The xticks method ensures appropriate labeling of the bars on the x-axis.

Sampling: Gaussian

We now generate a sample of \(10,000\) points from \(\mathcal{N}(50, 4)\). Recall that \(\mu = 1\) and \(\sigma^2 = 4\). As a concrete example, we could use a normal distribution to model the heights or weights of people in a room, or the marks of students in an exam.

X = rng.normal(50, 2,
               size=10_000)
X.shape

(10000,)

Plotting: Histogram

We can now visualise the sample using a histogram.

plt.hist(X,
         bins=10,
         edgecolor='black');

Sampling: Bivariate Gaussian

Let us now sample \(1000\) points from the following Bivariate Gaussian:

\[ \mathcal{N} \left( \begin{bmatrix}1 \\ 2\end{bmatrix}, \begin{bmatrix}1 & 0\\0 & 5\end{bmatrix} \right) \]

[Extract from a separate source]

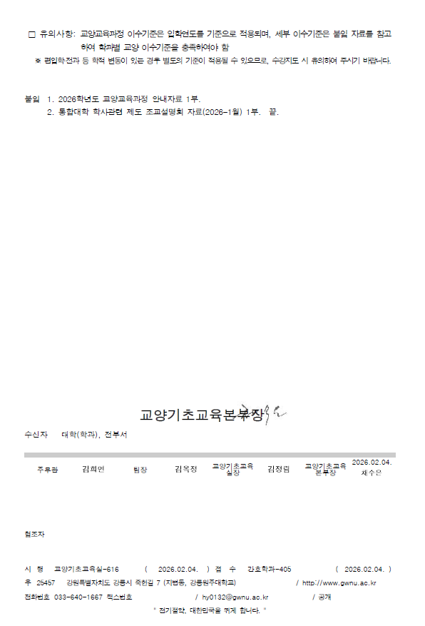 [중요]2026학년도 적용 교양교육과정 개편 사항 및 경과조치 알림

As a concrete example, a Bivariate Gaussian could model the distribution of the landing positions of balls on a cricket pitch in a given cricekt match.

mu = np.array([1, 2])
cov = np.array([
    [1, 0],
    [0, 5]
])
X = rng.multivariate_normal(
    mu,
    cov,
    size=1000).T
# we transpose so that the data-matrix is (d, n) and not (n, d)
d, n = X.shape

Plotting: Scatter plot

Let us now visualise the sample using a scatter plot. Zooming out of the scatter plot gives us a better understanding. Changing the covariance matrix also helps in understanding how the sampled points depend on it.

plt.scatter(X[0], X[1],
            alpha=0.1)
plt.axis('equal')
plt.axhline(color='black',
            linestyle='--',
            linewidth='0.8')
plt.axvline(color='black',
            linestyle='--',
            linewidth='0.8');

alpha allows us to control the transparency of points in a scatter plot. By default alpha=1, indicating complete opacity.

GMM

We can now combine the concepts learnt above to sample points from a Gaussian Mixture Model. We shall draw \(1,000,000\) samples from a Gaussian Mixture Model (GMM) that has three components, with mixture probabilities \([0.2, 0.3, 0.5]\) and means \([10, 15, 18]\). The standard deviation of all three Gaussians is the same and is equal to \(1\). We can visualise the sample using a histogram.

n = 1_000_000
comp = rng.choice(
    [0, 1, 2],
    p=[0.2, 0.3, 0.5],
    size=n)
mu = np.array([10, 15, 18])
X = np.zeros(n)
for i in range(n):
    X[i] = rng.normal(mu[comp[i]], 1)
plt.hist(X,
         bins=1000,
         edgecolor='black');

A concrete example of a GMM would be in modeling the incomes of a people in a population in which there are distinct economic categories. Consider three groups whose salaries are distributed normally around means 10 lpa, 15 lpa and 18 lpa, with unit variance. The three groups are represented in the proportion \(2 : 3 : 5\). We could model the distribution of the income of an individual from this population as a GMM. The above plot would be the histogram of a sample from this population.